Plaintiff next argues that it was actually Shay and Bouse who worked together to get him fired based on his race/color. Plaintiff points to an incident in the Summer of 2021, where Bouse tied a rope into a noose in front of Shay and laughed while waving it around in front of African American employees. Plaintiff alleges that Shay told Bouse he could not do this, but then fired an African American employee instead of Bouse, who is white. According to Plaintiff, this is direct evidence that he was terminated for discriminatory reasons.
Defendant argues that since this incident in not in his Complaint, the Court should not consider it. Although it is not alleged in his Complaint, Plaintiff did include this incident in his EEOC charge. Claims which are “like or reasonably related” to the substance of the charges in the EEOC complaint are deemed administratively exhausted and are properly within the scope of the lawsuit. Tart v. Hill Behan Lumber Co., 31 F.3d 668, 673 (8th Cir. 1994).

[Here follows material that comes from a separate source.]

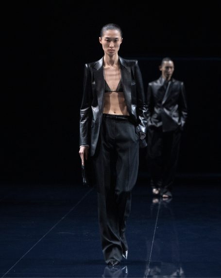 Giacche in suede e completi in pelle colorata, sensuali abiti tunica che aderiscono al corpo senza scoprirlo, slipress e capi in seta e pizzo che ricordano capi intimo o nightwear e ancora sgargianti tocchi di colore acceso sfilano alla Paris Fashion Week sulla passerella Primavera/Estate 2026 di Tom Ford by Haider Hackerman

However, even with considering this incident, Plaintiff fails to show any casual connection between this discriminatory animus and his termination, which occurred nearly eight months later. Plaintiff also does not provide any evidence to show that individual was indeed fired, other than his own self-serving statements, nor can he connect that incident with anything related to his termination. Nothing about the other individual's termination “clearly points to the presence of an illegal motive” in Plaintiff's case. See Towery v. Mississippi Cnty. Arkansas Econ. Opportunity Comm'n, Inc., 1 F.4th 570, 573 (8th Cir. 2021) (holding that Plaintiff failed to show how coworkers termination based on race is a “specific link” between her firing and an unlawful reason for her termination.).
Indirect Evidence
Since Plaintiff has no direct evidence of discrimination, the Court will analyze his claim of color/race discrimination under the burden-shifting framework set forth in McDonnell Douglas Corp. v. Green, 411 U.S. 792 (1973). Under the McDonnell Douglas framework, the initial burden rests with Plaintiff, who must establish a prima facie case of discrimination or retaliation by a preponderance of the evidence. St. Mary's Honor Ctr. v. Hicks, 509 U.S. 502, 506 (1993); see also, Carpenter v. Con-Way Cent. Express, Inc., 481 F.3d 611, 616 (8th Cir. 2007). To do so, Plaintiff must show that he: “‘(1) is a member of a protected group; (2) was meeting the legitimate expectations of the employer; (3) suffered an adverse employment action; and (4) suffered under circumstances permitting an inference of discrimination.'” Schaffhauser v. United Parcel Serv., Inc., 794 F.3d 899, 903 (8th Cir. 2015) (quoting Davis v. Jefferson Hosp. Ass'n, 685 F.3d 675, 681 (8th Cir. 2012)). After Plaintiff has made a sufficient showing of a prima facie case, the burden shifts to Defendant to articulate a legitimate, nondiscriminatory reason for the adverse employment action. Gordon v. Shafer Contracting Co., 469 F.3d 1191, 1196 (8th Cir. 2006). Once such a reason is articulated, the burden of production shifts back to Plaintiff to demonstrate that the proffered nondiscriminatory reason is a pretext for discrimination. Id. At this third step, Plaintiff is obligated to present evidence that (1) creates a question of material fact as to whether a defendant's proffered reasons are pretextual and (2) creates a reasonable inference that the discrimination was a determinative factor in the adverse employment decision. See, e.g., Stewart v. Indep. Sch. Dist. No. 196, 481 F.3d 1034, 1043 (8th Cir. 2007); Logan v. Liberty Healthcare Corp., 416 F.3d 877, 880 (8th Cir. 2005).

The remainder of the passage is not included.